Aelius Dionysius was a Greek rhetorician from Halicarnassus, who lived in the time of the emperor Hadrian. He was a very skillful musician, and wrote several works on music and its history. It is commonly supposed that he was a descendant of the elder Dionysius of Halicarnassus, author of Roman Antiquities, a history of Rome from its founding to the middle third century BCE. He was one of the teachers of Alexander Peloplaton.

Works

His major work, entitled Rhōmaïkḕ Arkhaiología (Ῥωμαϊκὴ Ἀρχαιολογία, ''Roman Antiquities''), narrates the history of Rome from the mythical period to the beginning of the First Punic War in twenty books, of which the first nine remain extant while the remaining books only exist as fragments,[3] in the excerpts of the Roman emperor Constantine Porphyrogenitus and an epitome discovered by Angelo Mai in a Milan manuscript. Dionysius is the first major historian of early Roman history whose work is now extant. Several other ancient historians who wrote of this period, almost certainly used Dionysius as a source for their material. The works of Appian, Plutarch and Livy all describe similar people and events of Early Rome as Dionysius.

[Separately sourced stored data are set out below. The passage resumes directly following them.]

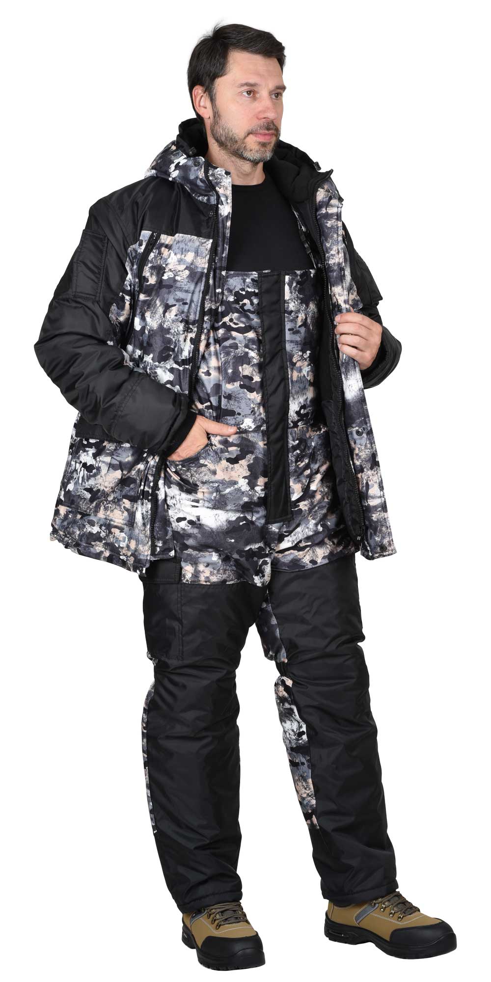 Утеплитель: Синтепон - 150 г/м2, в куртке - 3 слоя (итого 450 г/м2), в п/к - 2 слоя (итого 300 г/м2).
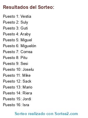 Lista de participantes: Correa(220), Vestia(180), Pitu(140), Araby(110), Miguelón(80), Miguel(61), Suly(50), Mike(40), Joselu(30), Jordi(24), Sesi(18), Mario(15), Riera(12), Isra(8), Sack(7), Guti(5).
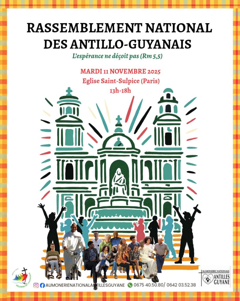 Chaque année, l’Aumônerie Nationale des Antilles-Guyane organise une rencontre des Antillais-Guyanais, à l’église Saint-Sulpice. Cette année, cette rencontre aura lieu, mardi 11 novembre 2025, de 13h00 à 18h00.
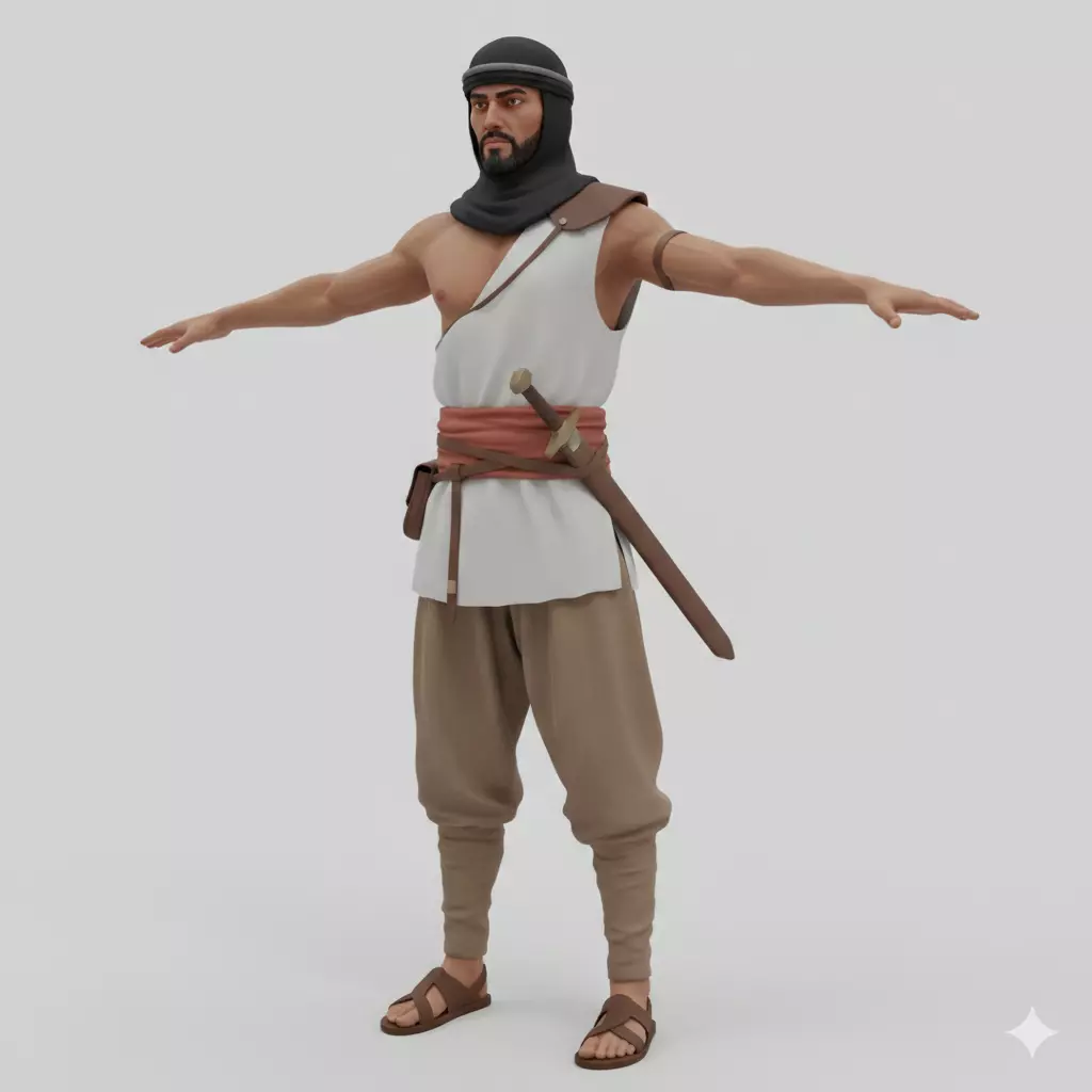 Looking for a character that embodies raw physical strength with a clean stylized look?The Legendary Muscular Warrior is a powerful 3D character designed with clean topology that clearly highlights muscular anatomy while maintaining a bold artistic style. Dressed in lightweight desert-inspired clothing, a black turban, and a leather belt carrying a traditional sword, this warrior is perfectly suited for action-driven games and cinematic adventure projects focused on melee combat.
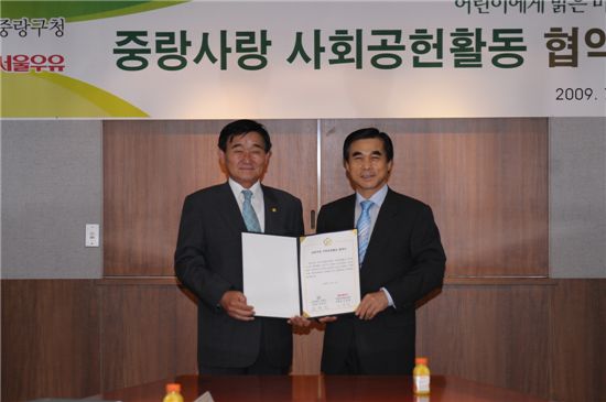 구는 1일 오전 11시 상봉동에 소재하고 있는 서울우유협동조합 본사 소회의실에서 서울우유조합장과 임·직원 등이 참석한 가운데 체계적인 자원봉사활동을 위한 중랑사랑사회공헌활동 협약식을 가졌다.
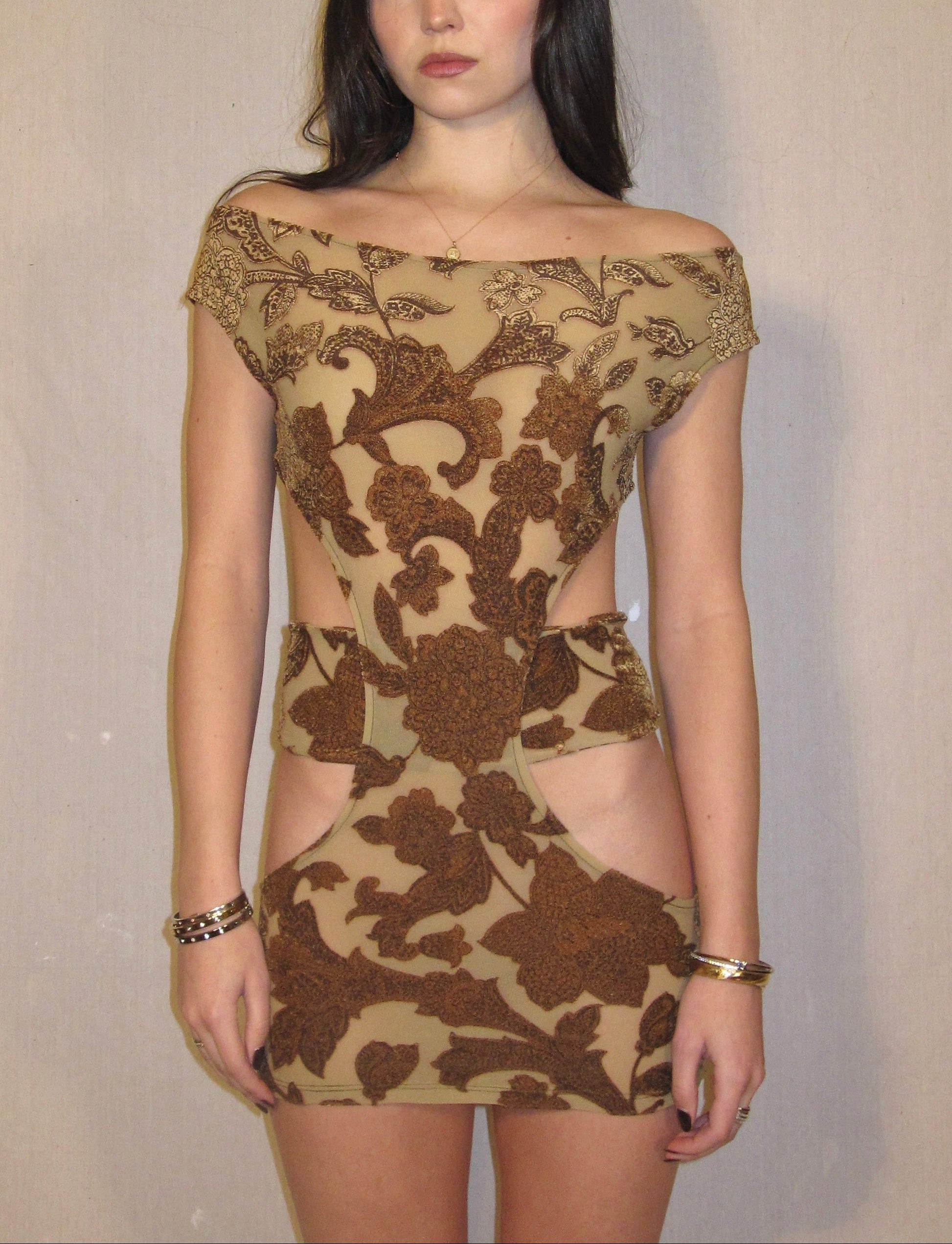 Brown and gold floral print mini dress, featuring side cut outs and built in belt around waist. Constructed using spandex and velvet fabric, 90% Polyester 10% Spandex.

Summary outline of “Roman Antiquities”

In the preamble to Book I, Dionysius states that the Greek people lack basic information on Roman history, a deficiency he hopes to fix with the present work.

Book I   (1300?)–753 BC
Mythic early history of Italy and its people. Book I also narrates the history of Aeneas and his progeny as well as Dionysius' telling of the Romulus and Remus myth, ending with the death of Remus.
Book II   753–673 BC
The Roman monarchy's first two Kings, Romulus and Numa Pompilius. Romulus formulates customs and laws for Rome. Sabine war- as in subsequent parts of the history, this early conflict is described as involving numerous categories of officer, thousands of infantry, and cavalry combatants. This is highly unlikely, but is a common anachronism found in ancient historians.
Book III   673–575 BC
Kings Tullus Hostilius through Lucius Tarquinius Priscus.
Book IV   575–509 BC
Last of the Roman kings and end of the monarchy with overthrow of Lucius Tarquinius Superbus.
Book V   509-497 BC
Start of Roman Republic and Consular years.
Book VI   496–493 BC
Includes the first instance of Plebeian secession.
Book VII   492–490 BC
This book describes at length the background leading to the Roman Coriolanus’ trial, ending in his exile. Much of the book is a debate between supporters of the oligarchy and the plebeians.
Book VIII   489–482 BC
Coriolanus, now exiled, allies with Rome’s current primary enemy, the Volscians. Coriolanus leads the Volscian army on a successful campaign against Roman allies and finally is near to capturing Rome itself. Coriolanus’ mother intercedes for the Roman state and manages to end the military campaign. Coriolanus then is treacherously murdered by the Volscians. The remaining part of the book covers the military campaigns to recover land from the Volscians.
Book IX   481–462 BC
Various military campaigns of mixed fortune in foreign matters. Domestically the plebeians and patricians argue and the conflict of the orders continues. The number of Tribunes is raised from 5 to 10. Book IX ends with the first two years of the decemvirate and the creation of the first Roman Law Tables.
Note
The last ten books are fragmentary, based on excerpts from medieval Byzantine history compilations. Book XI is mostly extant at around 50 pages (Aeterna Press, 2015 edition), while the remaining books, have only 12–14 pages per book.
Book X   461–449 BC
The decemvirate continued.
Book XI   449–443 BC
fragments
Book XII   442–396 BC
fragments
Book XIII   394–390 BC
fragments
Book XIV   390 BC
Gauls sack of Rome.
Book XV
First and Second Samnite War.
Book XVI–XVII
Third Samnite War.
Book XIX
The beginnings of conflicts between Rome and the warlord Pyrrhus. The southern Italian city of Tarentum has problems with Rome, who have recently expanded into southern Italy. Tarentum invites Pyrrhus as muscle to protect them.
Book XX
Roman-Pyrrhic war, with Pyrrhus’s second invasion of Italy.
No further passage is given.